The problem with shared callbacks
You are building a dashboard. A sensor reports a temperature spike. Three widgets need to react: a gauge updates its needle, a log appends a line, and an alarm checks if the threshold is breached. In Python or JavaScript, you would attach callbacks to the sensor and move on. In Rust, the borrow checker stops you. The sensor needs to hold references to the widgets, but the widgets might outlive the sensor, or multiple sensors might share the same widget. You cannot hand out mutable references freely, and you cannot move values into the sensor if the widgets still need to exist elsewhere.

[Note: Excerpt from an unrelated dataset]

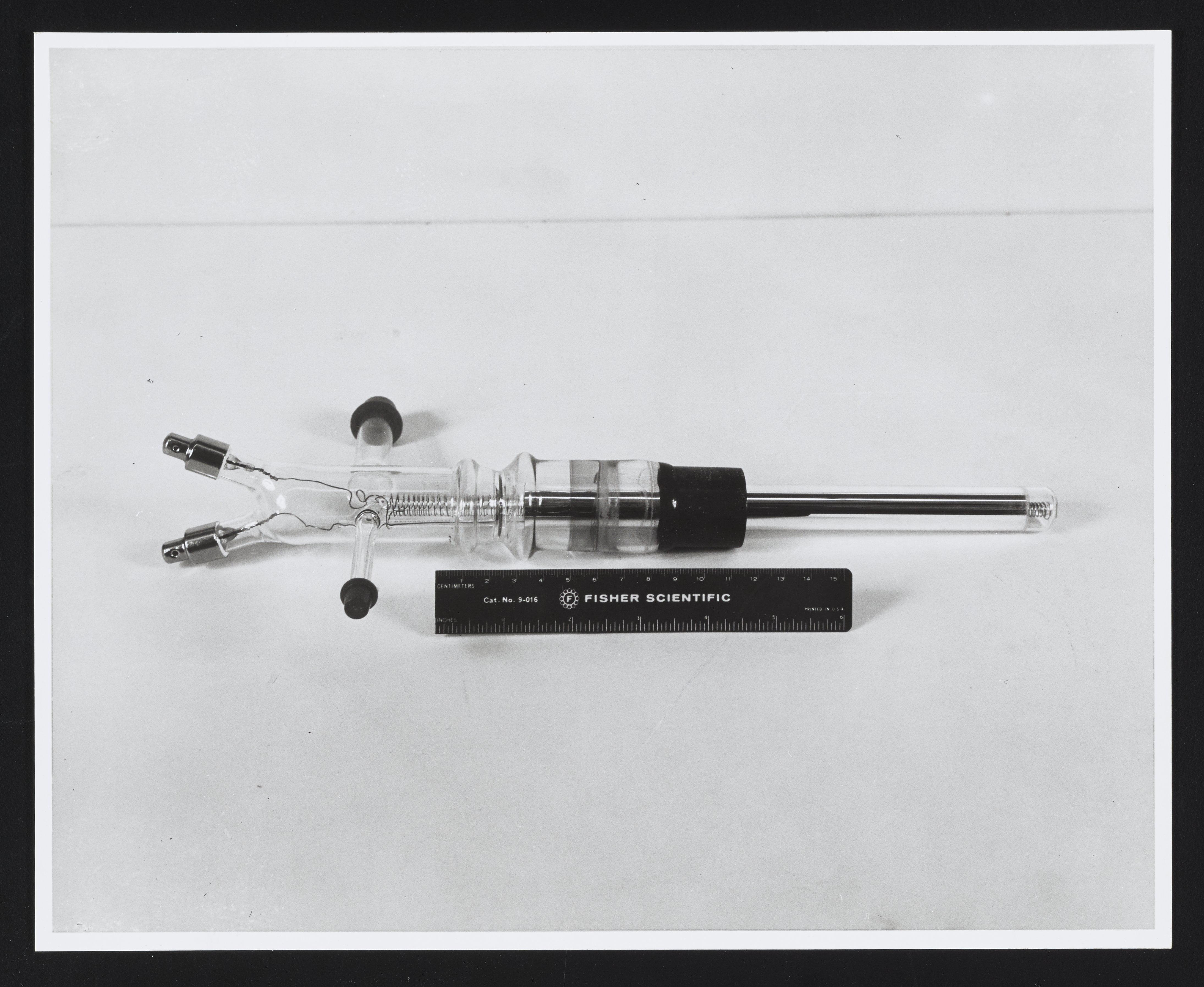 Close-up view of a component part, possibly a filament, of a Bendix Time-of-Flight Mass Spectrometer. A Fisher Scientific ruler is visible next to the component to indicate its size. The Time-of-Flight Mass Spectrometer (TOFMS) was the flagship analytical instrument of the Bendix Corporation.

You need a way for one component to announce a change and have many components hear it, without violating Rust's ownership rules. The Observer pattern solves this by decoupling the subject from its observers using shared ownership and dynamic dispatch.

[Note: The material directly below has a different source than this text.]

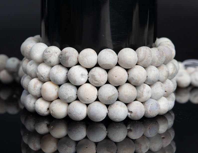 ลูกปัดหินดรูซี่สีขาวด้านธรรมชาติ เกรดคุณภาพ รูปทรงกลม สำหรับทำเครื่องประดับ สร้อยข้อมือ สร้อยคอ งานฝีมือ DIY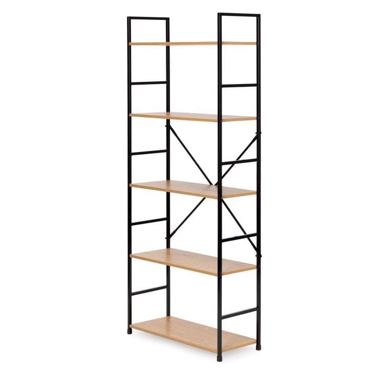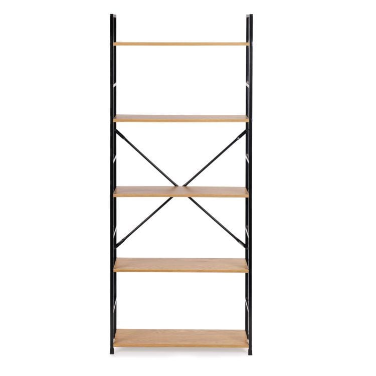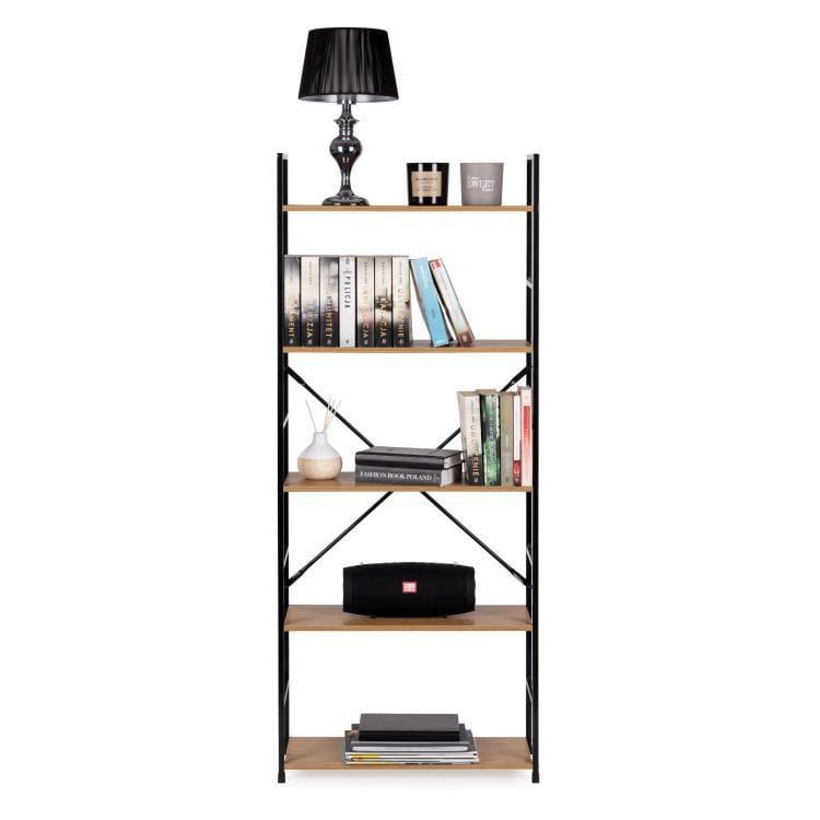 Regał drewniany to nowoczesny mebel o prostym, loftowym designie, który doskonale sprawdzi się w różnych wnętrzach, takich jak sypialnia, salon, przedpokój czy łazienka. Wyposażony w pięć praktycznych półek wykonanych z płyty MDF pokrytej okleiną imitującą drewno, regał charakteryzuje się stabilną konstrukcją z metalowym stelażem malowanym proszkowo. Nogi zakończone są stopkami ochronnymi, które zapobiegają zarysowaniom podłogi.

Ownership meets subscription
The Observer pattern is a subscription service. The subject is the publisher. Observers are subscribers. When an event occurs, the publisher notifies every subscriber. The publisher does not care about the internal structure of the subscribers; it only cares that they implement a specific interface.
Rust adds two constraints. First, every value must have a clear owner. If the subject holds the observers, the observers cannot be dropped while the subject exists. If the observers also hold references back to the subject, you create a cycle and memory leaks. Second, Rust forbids shared mutable state by default. The subject needs to mutate its list of observers, but callers might hold shared references to the subject.
The standard solution combines three tools. Rc<T> provides shared ownership so multiple places can hold the same observer. RefCell<T> provides interior mutability so the subject can modify its observer list even behind a shared reference. dyn Trait provides dynamic dispatch so the subject can store observers of different concrete types in a single list.
Minimal implementation
Here is a working observer system. The subject holds a vector of trait objects wrapped in Rc and RefCell. Observers implement a trait. The subject notifies them by iterating the list.
use std::cell::RefCell;
use std::rc::Rc;
/// Observers must implement this trait to receive updates.
/// The trait is object-safe because it only takes &self and has no generic methods.
trait Observer {
fn update(&self, message: &str);
}
/// The subject manages a list of observers.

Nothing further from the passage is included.